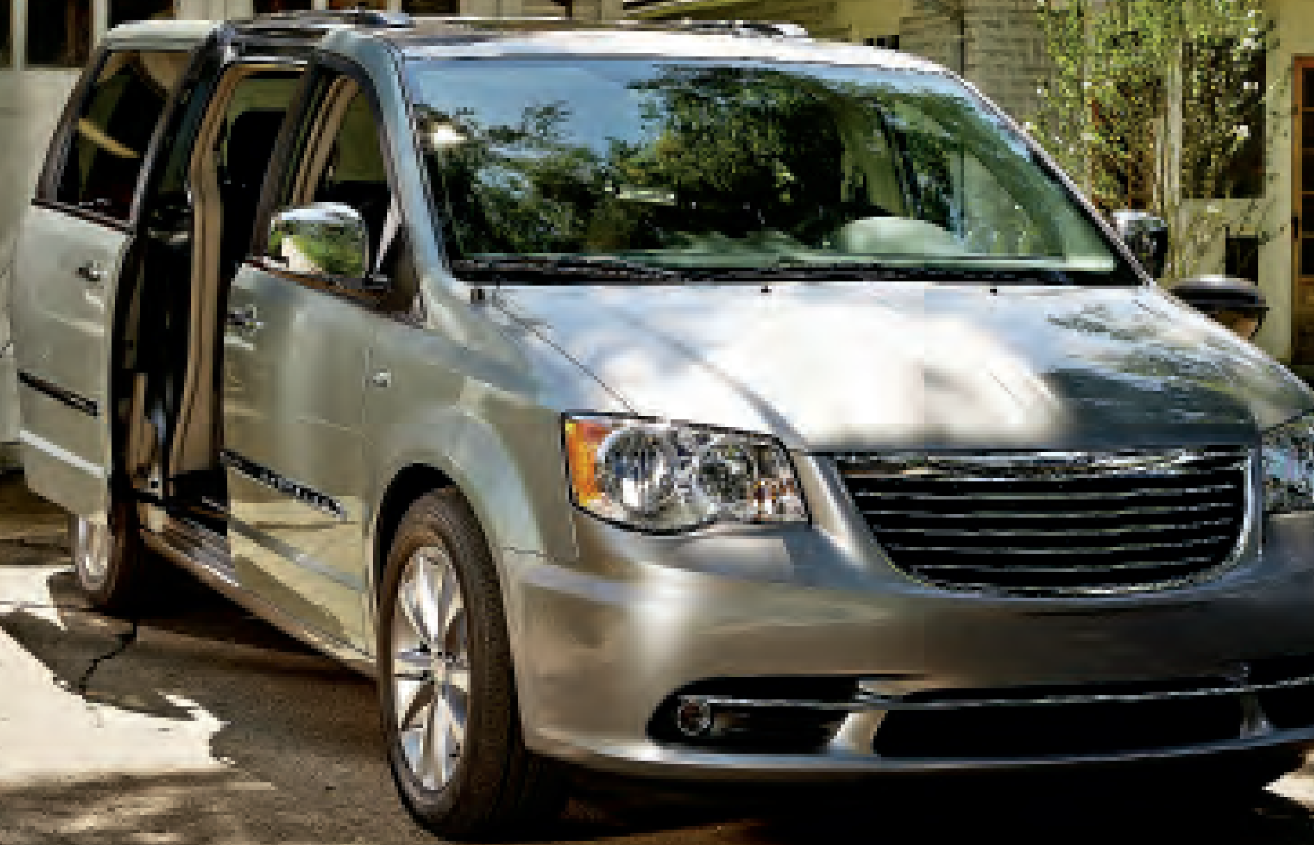
Town & Country 30th Anniversary shown in Billet Silver Metallic.

ONE MOMENT AT A TIME ONE FRIENDSHIP AT A TIME ONE SUCCESS AT A TIME.
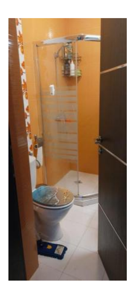
\textbf{Source URL:} \ \text{https://apartestate.com/en/catalog/sea-real-estate-nessebar-one-bedroom-apartment}
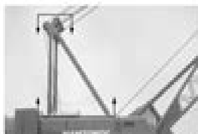
30 Side Support for boom and multiplier of mechanical force. Used with multiplier and boom system to raise and lower boom and to add small crane counterweights.
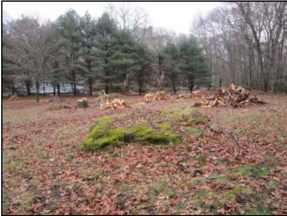
Fig. 6 View facing east over Lot 4
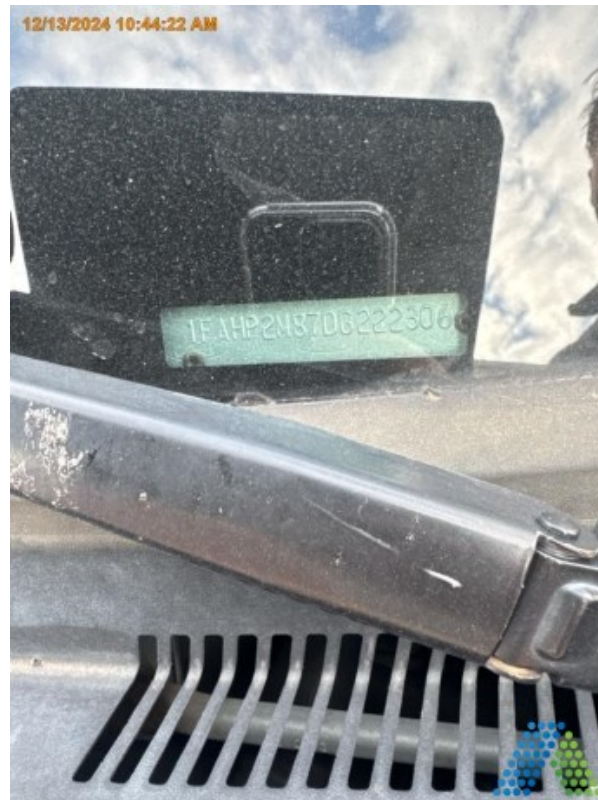
Document Name: VIN DASH.jpg
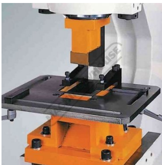
Optional Rectangular Notcher
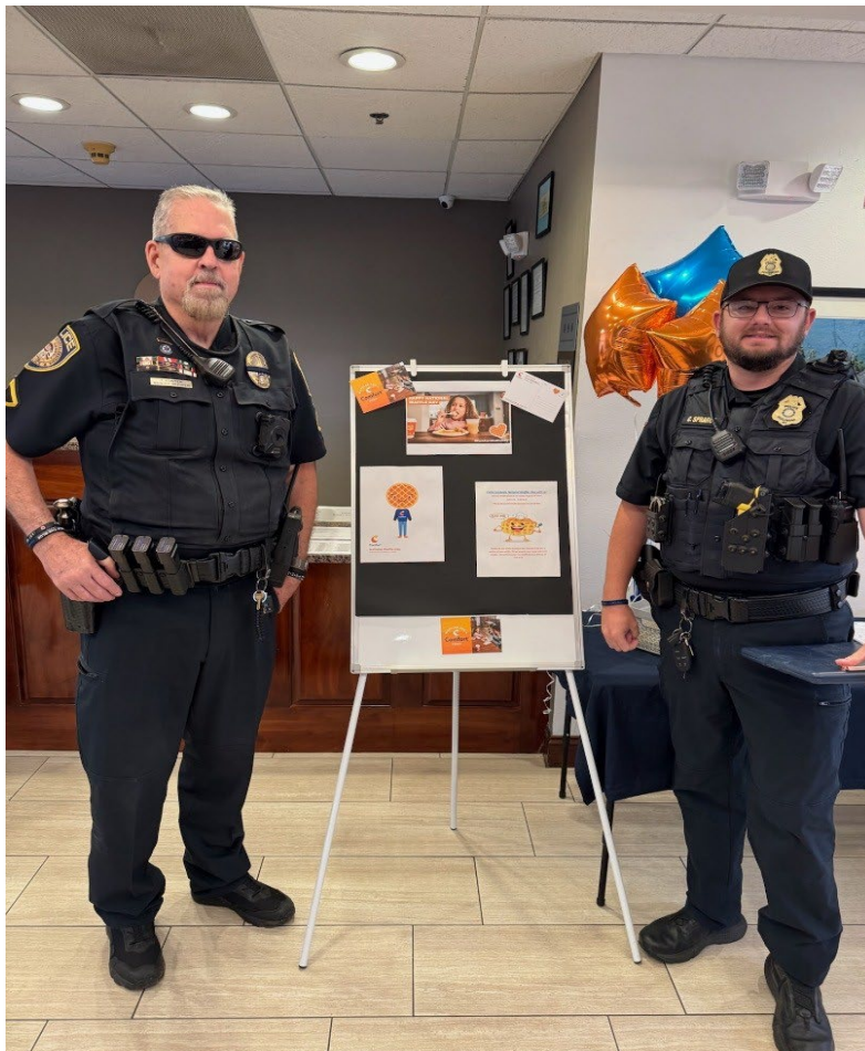
National Waffle Day at Comfort Inn

- - - - -

Your assignment — The lines to repeat run from the line containing "Fig. 6 View facing east over Lot 4" through the last line of the material above; give them exactly, without the pictures.

Exercise solution —
Fig. 6 View facing east over Lot 4
Document Name: VIN DASH.jpg
Optional Rectangular Notcher
National Waffle Day at Comfort Inn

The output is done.